James Lovegrove Website
ISFDB Bibliography
SF Site Review: Untied Kingdom
SF Site Review: The Hope
SF Site Review: Imagined Slights
SF Site Review: The Foreigners
SF Site Review: The Foreigners
SF Site Review: The Krilov Continuum
SF Site Review: The Hand That Feeds

Past Feature Reviews
A review by Victoria Strauss

In the world of Worldstorm, everyone is born with one of four Inclinations: Air, Earth, Water, or Fire. Each Inclination confers on its owner a particular set of abilities, which derive their nature from the element for which the Inclination is named. The Air-Inclined have abilities of mind, such as telepathy and previson. The Earth-Inclined have physical gifts, such as extraordinary strength or the capacity to regenerate their bodies. The Water-Inclined can manipulate water or see great distances or swim through the air. The Fire-Inclined can make and manipulate fire -- though when incendiaries lose command of their gifts, or (as happens occasionally with all classes of Inclination) are never able to acquire it, the results are dire.

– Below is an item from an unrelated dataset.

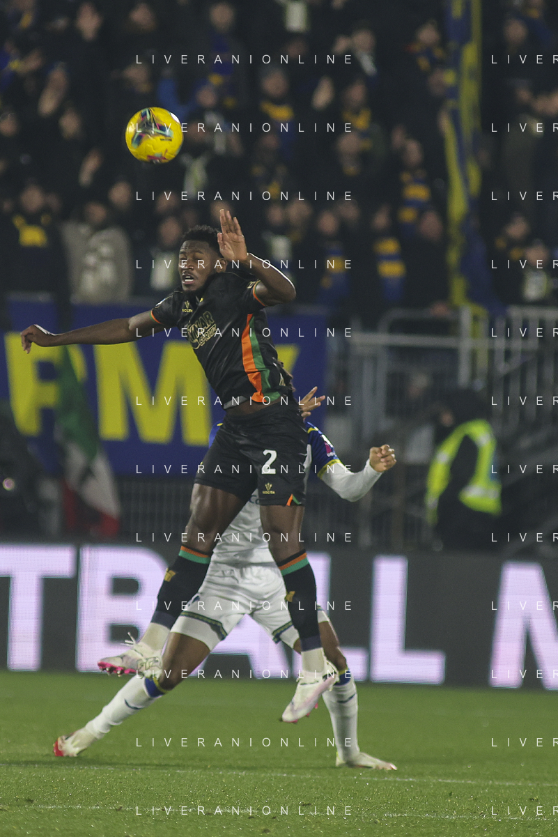 fa02 heads the ball during Venezia FC vs Hellas Verona FC, 22° Serie A Enilive 2024-25 game at Pier Luigi Penzo stadium in Venezia (VE), Italy, on January 27, 2025. (Photo by Davide Casentini) AG ALDO LIVERANI SAS

The Worldstorm is an enormous, permanent storm that roves the earth, wreaking havoc wherever it passes. In its meteorological attributes -- wind, rain, lightning, the ground the lightning strikes -- it reflects all four of the Inclinations. Many people believe that there's a relationship between human beings and the giant storm -- though just what that relationship is, and how it came about, neither logic nor philosophy nor legend can properly explain. Some think that the Worldstorm and the Inclinations were born simultaneously out of some cosmic catastrophe that divided or fissured the till-then storm- and Inclination-free world. Some believe that human beings's bad acts create a kind of resonance, and the Worldstorm is the result. Some see the Worldstorm as a god. Some see it as a god's instrument -- a tool to punish humanity for its misdeeds.

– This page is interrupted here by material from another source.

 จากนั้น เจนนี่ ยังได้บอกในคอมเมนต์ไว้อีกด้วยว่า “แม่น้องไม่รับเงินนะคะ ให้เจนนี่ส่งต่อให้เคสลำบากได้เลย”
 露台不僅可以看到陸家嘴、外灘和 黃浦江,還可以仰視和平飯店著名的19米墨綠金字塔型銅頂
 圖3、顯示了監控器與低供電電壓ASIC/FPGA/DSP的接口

Elder Annonax Ayn, an Air-Inclined previsionary, has conceived a scheme to defeat the Worldstorm -- a plan so farfetched that he has confided it to no one. Taking with him an enshriner, Khollo, to record his journey, he leaves the isolated magnificence of Stonehaven, the academic facility where he has spent most of his long life, and goes in search of a pair of unusual teenagers: Yashu, of pure Water-Inclined ancestry, who has manifested an Air Inclination; and Gregory, descended from a Fire bloodline, who is Earth-Inclined. Manifesting an Inclination outside one's bloodline is extremely rare; if Gregory and Yashu, who each represent two Inclinations, were to conceive a child, all four Inclinations would be present in a single individual. Might this unification of the fissured qualities of humankind banish the Worldstorm? Previsionary though he is, Elder Ayn doesn't know, for he can't see the outcome of his scheme. He has, however, seen the moment of his death -- or rather, his murder, by an unknown hand. As he dictates his story to Khollo, that moment haunts the narrative. Who will kill him? Why? Will his interference in the lives of Yashu and Gregory, who are not game pieces on a board but complex human beings with their own desires and ambitions, have the desired outcome? Or will it lead to something entirely unexpected?

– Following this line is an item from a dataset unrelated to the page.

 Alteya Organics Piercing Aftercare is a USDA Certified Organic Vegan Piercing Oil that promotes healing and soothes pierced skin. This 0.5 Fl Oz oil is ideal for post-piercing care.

Writers of speculative fiction are often asked which came first, world or story. In this case, I would bet that it was the world that came first, with the story being a way for the author to explore it. There's something of the travelogue about Worldstorm, with each of its characters illustrating a different locale and culture, and their journeys illustrating yet more. I don't mean to suggest that it's a dull or self-indulgent novel -- far from it. Worldstorm is tremendously entertaining. There's tragedy, but also humor; there's in-depth characterization, but also action. There's suspense in the mystery of Elder Ayn's death, and surprise in the unfolding of his plan. There's even a neat twist at the end.

James Lovegrove's world building is superb. He succeeds not only in bringing to life an improbable world in which nearly everyone is endowed with a supernormal power, but in convincingly imagining how differently such a world would work. Sails aren't needed where the Water-Inclined can make the ocean obey their will; surgeons aren't required where Fire-Inclined recuperators can heal people from the inside. Heavy labor isn't onerous with Earth-Inclined strongs to do it, and with a network of Air-Inclined telepaths, even a pre-industrial society can have instant communication. Of course, human nature being what it is, some things are very much the same -- including bigotry. People of like Inclinations tend to gather into separate communities, and there's a lot of stereotyping and mutual misunderstanding. The Fire-Inclined dismiss Earth as a lesser Inclination. Earthers resent the incendiaries for their wealth and arrogance. Both Earth and Fire consider the Water unreliable and superstitious, and, from the heights of their power over the intangible, the Air-Inclined look down on everyone. Lovegrove explores these caste prejudices through the differently-Inclined viewpoint characters, who make uncharitable and often inaccurate assumptions about one another, and also through the tragic conflict that occupies much of the middle portion of the book, in which the mostly Earth-Inclined town of Penresford and the mostly Fire-Inclined town of Stammeldon face off in a battle of pride, prejudice, and miscommunication that winds up all but destroying both.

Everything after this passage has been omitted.